## WHAT TO PRODUCE:
Starting with the line that contains "- 澳门网站营销公司:如何提高您的在线业务效率和吸引更多客户?" and ending with the last line of the entries, repeat exactly those lines and nothing else, pictures excluded.

*** Block opens ***

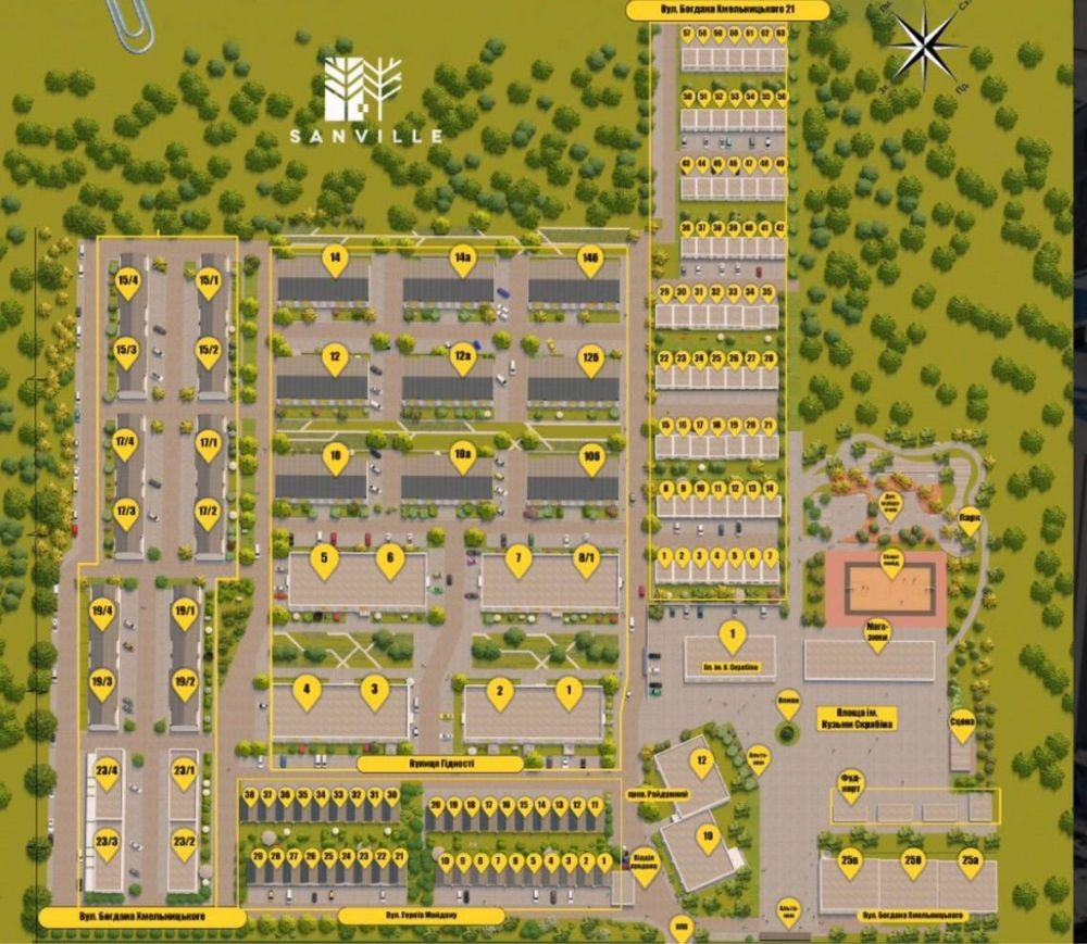 Паркомісця, дитячі та спортивні майданчики, зони відпочинку.
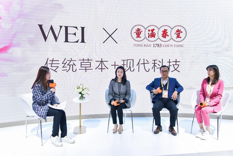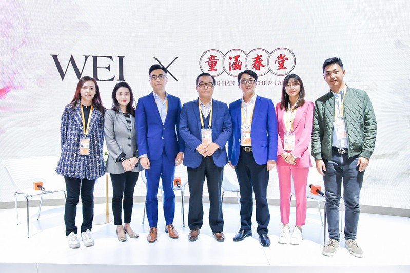 2020年11月9日上午成人在线 徐宏喜院长受邀参加第三届中国国际进口博览会。豫园股份携旗下众多全球知名品牌亮相品质生活馆“Fosun Happiness”展区,成人在线 的合作伙伴复星旗下童涵春堂携手WEI蔚蓝之美参展,徐院长作为童涵春堂首席科学家在展区就中药传㴍创新及中药健康美丽产品的研发与来宾们进行了交流和讲解。
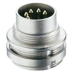 A front panel mounting male DIN plug with threaded joints and solder terminals.
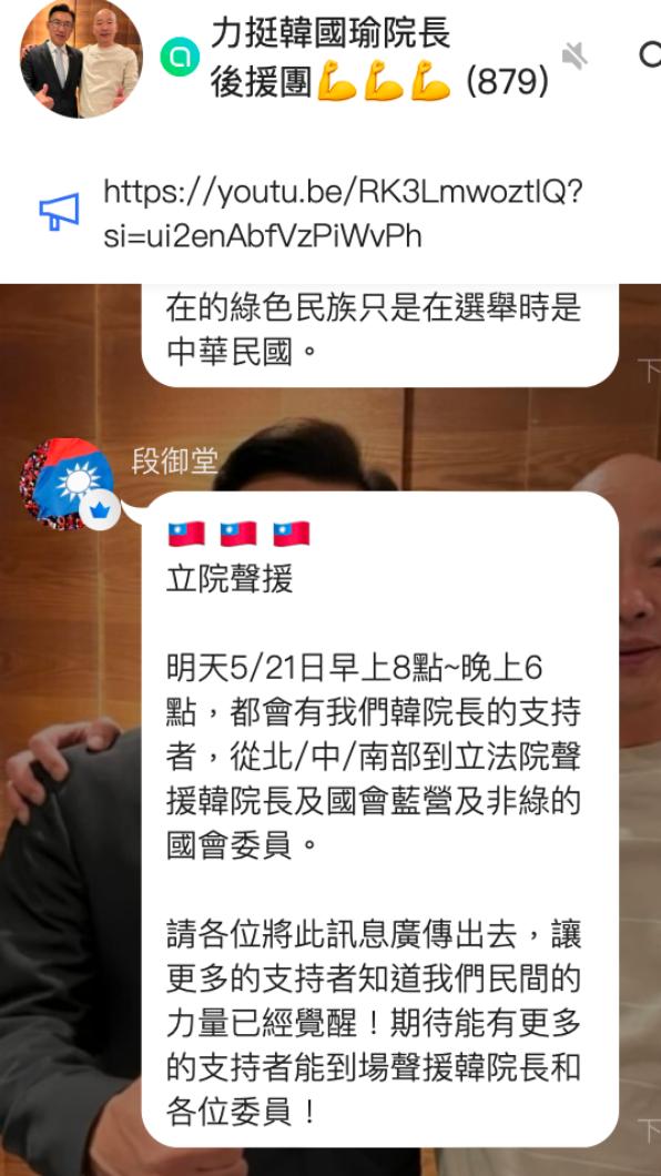 除了綠營支持者外,韓粉們也在各大網路社群上號召北、中、南鄉親,明天上午8點到晚上6點,到立法院聲援韓國瑜,以及國民黨、民眾黨立院黨團,「讓更多的支持者知道我們民間的力量已經覺醒!」
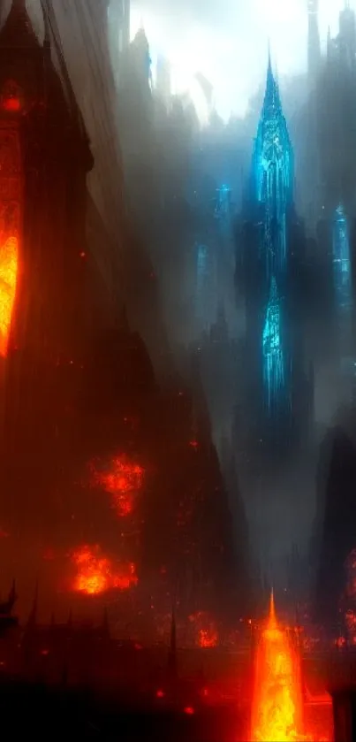 Immerse in a futuristic cityscape wallpaper featuring vibrant neon blue and fiery orange hues, creating a mesmerizing blend of light and shadow that brings a dynamic, otherworldly atmosphere to your mobile screen
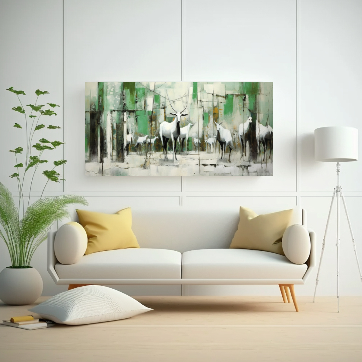 Este cuadro quedará espectacular en la sala de estar, sobre un sofá beige, creando un contraste elegante y sofisticado Combínalo con cojines en tonos plateados y elementos decorativos en verde para un ambiente luminoso y moderno
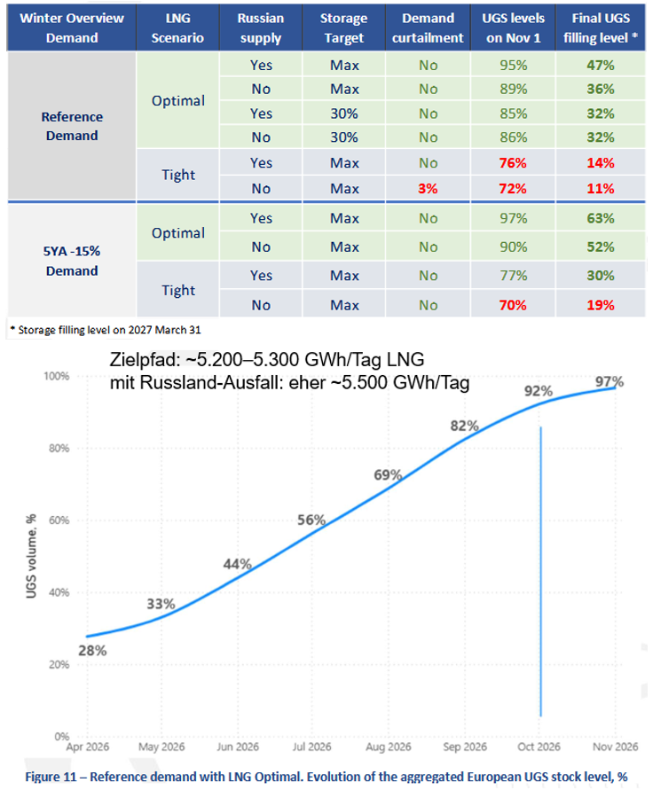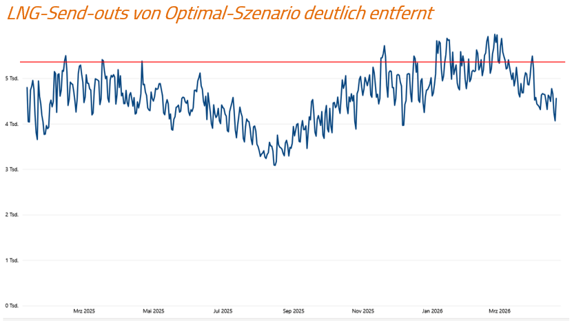 Vor diesem Hintergrund erscheinen die aktuell beobachteten LNG-Importe von rund 4.200 bis 4.600 GWh pro Tag als eher verhalten. Sie liegen unter dem Niveau, das im Referenzszenario implizit erforderlich wäre, um die Speicher auf komfortable Weise zu füllen. Zwar zeigen einzelne Tage auch höhere Zuflüsse, doch fehlt bislang die notwendige Konstanz auf hohem Niveau. Sollte sich dieses Bild über einen längeren Zeitraum fortsetzen, würde dies den Speicherpfad zunehmend unter Druck setzen. Die Entwicklung deutet damit eher in Richtung eines angespannten Szenarios, wie es in der Studie unter eingeschränkter LNG-Verfügbarkeit beschrieben wird. Entscheidend wird daher sein, ob die LNG-Zuflüsse im weiteren Verlauf des Sommers nachhaltig auf ein höheres Niveau ansteigen.
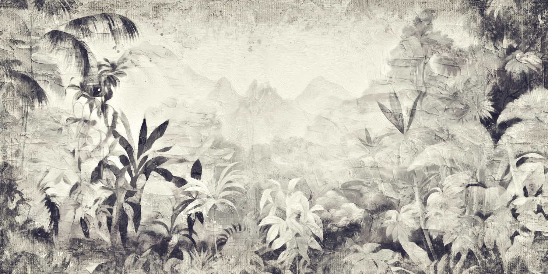 This elegant black and white jungle scene transforms any room into a tranquil escape. The design features detailed brushstrokes and overlapping foliage, creating a sense of depth and immersion. It's ideal for creating a calm atmosphere in bedrooms or living rooms, offering a timeless charm that blends well with various decor styles. Transform your living space effortlessly with this sophisticated wallpaper for walls. The muted tones also make it suitable for creating a relaxing study or a serene office environment.
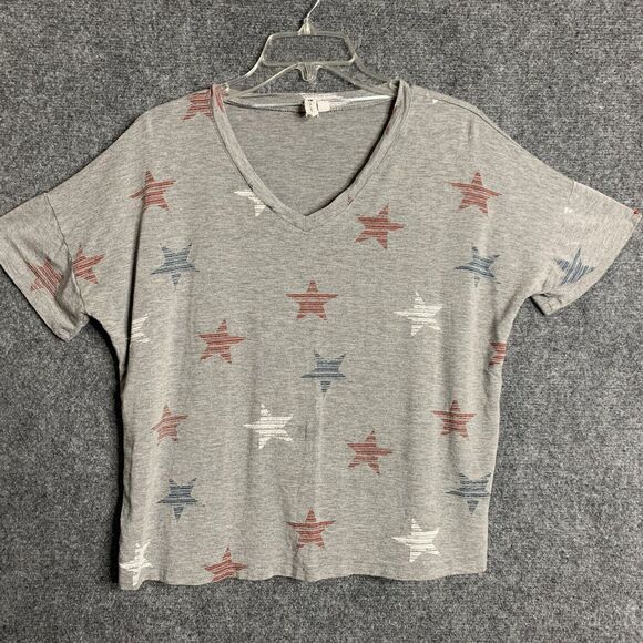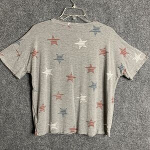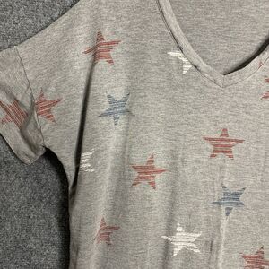 Cable & Gauge Short Sleeve Patriotic Star T-Shirt Women L Red White Blue On Gray
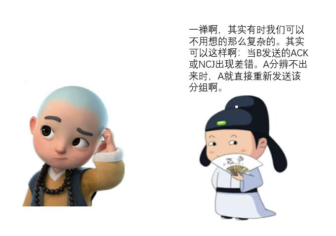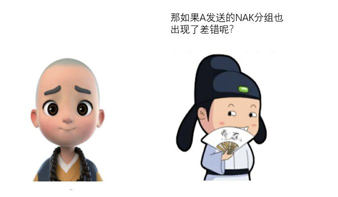 一禅:哈哈,我知道怎么解决,可以采取和分组差错类似的方法,如果A迟迟没有收到B的反馈,A就可以认为这个分组丢失了,重新发送。
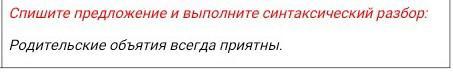 Родительские(подчеркни волнистой линией,сверху пиши: прил. мн.ч. Им.п) объятия(одной линией,сверху: сущ. ед.р) всегда(пунктиром(_ _ _ _)сверху: нар.) приятны(двумя линиями(т.к сказуемое))сверху:краткое.прил., мн.ч)
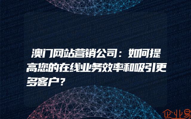 - 澳门网站营销公司:如何提高您的在线业务效率和吸引更多客户?
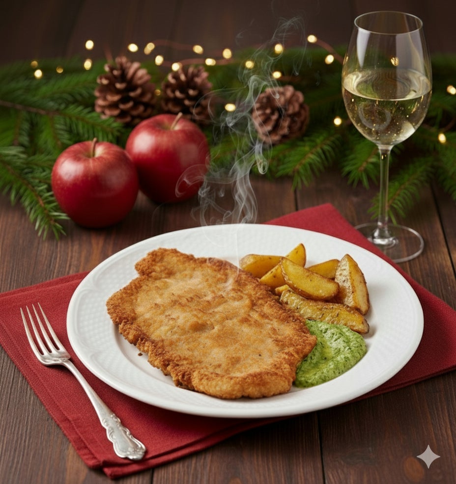 7種類のハーブを使った爽やかな特製ソースが、サクサクのシュニッツェル(カツレツ)と調和します。また、現地のクリスマスマーケットで親しまれている「アップルワイン」も提供予定。フルーティーな香りとすっきりとした後味が特徴のこのワインは、温めて飲むことで、冬の寒さで冷えた体を心地よく温めます。
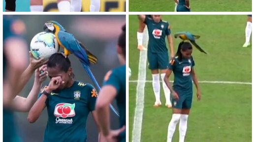 Забавный на первый взгляд случай произошел в ходе тренировки женской сборной Бразилии по футболу. Во время двусторонней игры на голову одной из девушек сел крупный попугай ара. Но инцидент забавен только на первый взгляд. На самом деле такой попугай может нанести весьма болезненный удар. В связи с этим матч был остановлен, а футболистка не пыталась спугнуть птицу самостоятельно...
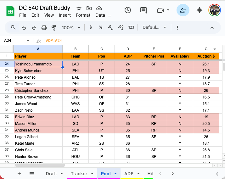 So I’ve put my draft results so far into the Draft tab, and that turns the unavailable player rows red.
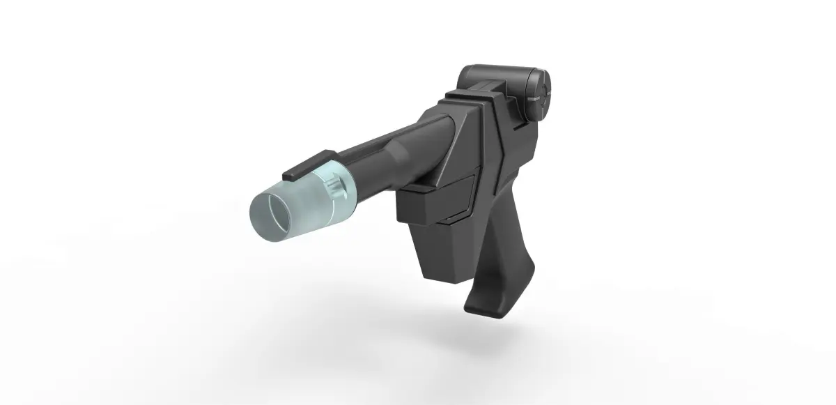 The model consists of parts: Barrel, Body part 1-3, Emitter, Handle, Side disk 1,2, Side disk insert 1-8, Side screw 1,2, Trigger.

*** Block closes ***

## TASK SOLUTION:
 - 澳门网站营销公司:如何提高您的在线业务效率和吸引更多客户?
 7種類のハーブを使った爽やかな特製ソースが、サクサクのシュニッツェル(カツレツ)と調和します。また、現地のクリスマスマーケットで親しまれている「アップルワイン」も提供予定。フルーティーな香りとすっきりとした後味が特徴のこのワインは、温めて飲むことで、冬の寒さで冷えた体を心地よく温めます。
 Забавный на первый взгляд случай произошел в ходе тренировки женской сборной Бразилии по футболу. Во время двусторонней игры на голову одной из девушек сел крупный попугай ара. Но инцидент забавен только на первый взгляд. На самом деле такой попугай может нанести весьма болезненный удар. В связи с этим матч был остановлен, а футболистка не пыталась спугнуть птицу самостоятельно...
 So I’ve put my draft results so far into the Draft tab, and that turns the unavailable player rows red.
 The model consists of parts: Barrel, Body part 1-3, Emitter, Handle, Side disk 1,2, Side disk insert 1-8, Side screw 1,2, Trigger.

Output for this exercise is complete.